Denver Broncos tight end Albert Okwuegbunam (85) catches a pass against the Kansas City Chiefs during the game at GEHA Field at Arrowhead Stadium. Mandatory Credit: Denny Medley-USA TODAY Sports

The Denver Broncos have concluded their draft season, and will now get them under contract. What are some takeaways after draft weekend for the team?

The Denver Broncos ’2022 NFL Draft is over and finalized. The next step in this process will be to get these players officially under contract. As we move into more offseason activities and further into the summer offseason programs, the roster is all but set.

For the Denver Broncos in 2022, this draft was to fill out the last remaining holes on the team. They didn’t have an urgent need anywhere on the roster, and would be able to field one of the best starting lineups in the NFL if they had a game this Sunday.

I could see the team adding perhaps an inside linebacker before we get even further into the offseason, but I do think George Paton is very content with the team he’s assembled.

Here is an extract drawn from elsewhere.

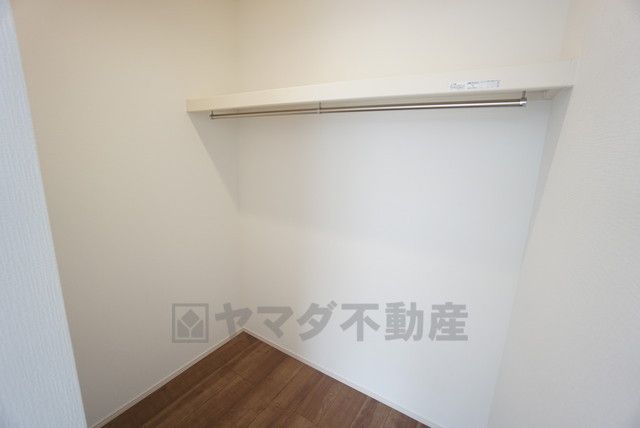 ウォークインクローゼット付き^^ハンガーパイプ下にボックスを置いて、枕棚を活用して、たっぷりと収納できそうです^^

Obviously, there is a big reason for each draft pick. Some of the reasons for various player selections can vary in urgency and need, but each draft pick was made for a crucial reason, even if it was just for some quality depth.

As we look deeper into this roster, let’s take a look at three key takeaways after the conclusion of the 2022 NFL Draft to see what George Paton was and is thinking.

Denver Broncos key takeaways after NFL Draft

1. Albert Okwuegbunam wasn’t enough

Once Noah Fant got shipped to Seattle as part of the Russell Wilson trade, many saw Albert Okwuegbunam as the new TE1 who could enjoy a breakout season this year.

That still very well may be the case, but the selection of Greg Dulcich early in the third round would indicate that the presence of Albert O as TE1 didn’t sit too well with George Paton.

Dulcich was a better prospect coming out of college than Okwuegbunam was, but Dulcich does have a bit to work on, especially as a blocker.

To me, I would not be surprised if Dulcich passes Albert O on the depth chart in a year or two.

Albert O was a pick made during the John Elway era, and Dulcich is from George Paton’s hometown and went to the same college as Paton (UCLA).

There were too many similarities for Paton to not pick Dulcich, and it gives the Broncos two threats in the passing game as tight ends.

However, the tight end room of Albert O, Eric Tomlinson, Andrew Beck, and Shaun Beyer was clearly not good enough for George Paton.

While many of us thought the room was all but set, Paton had other ideas.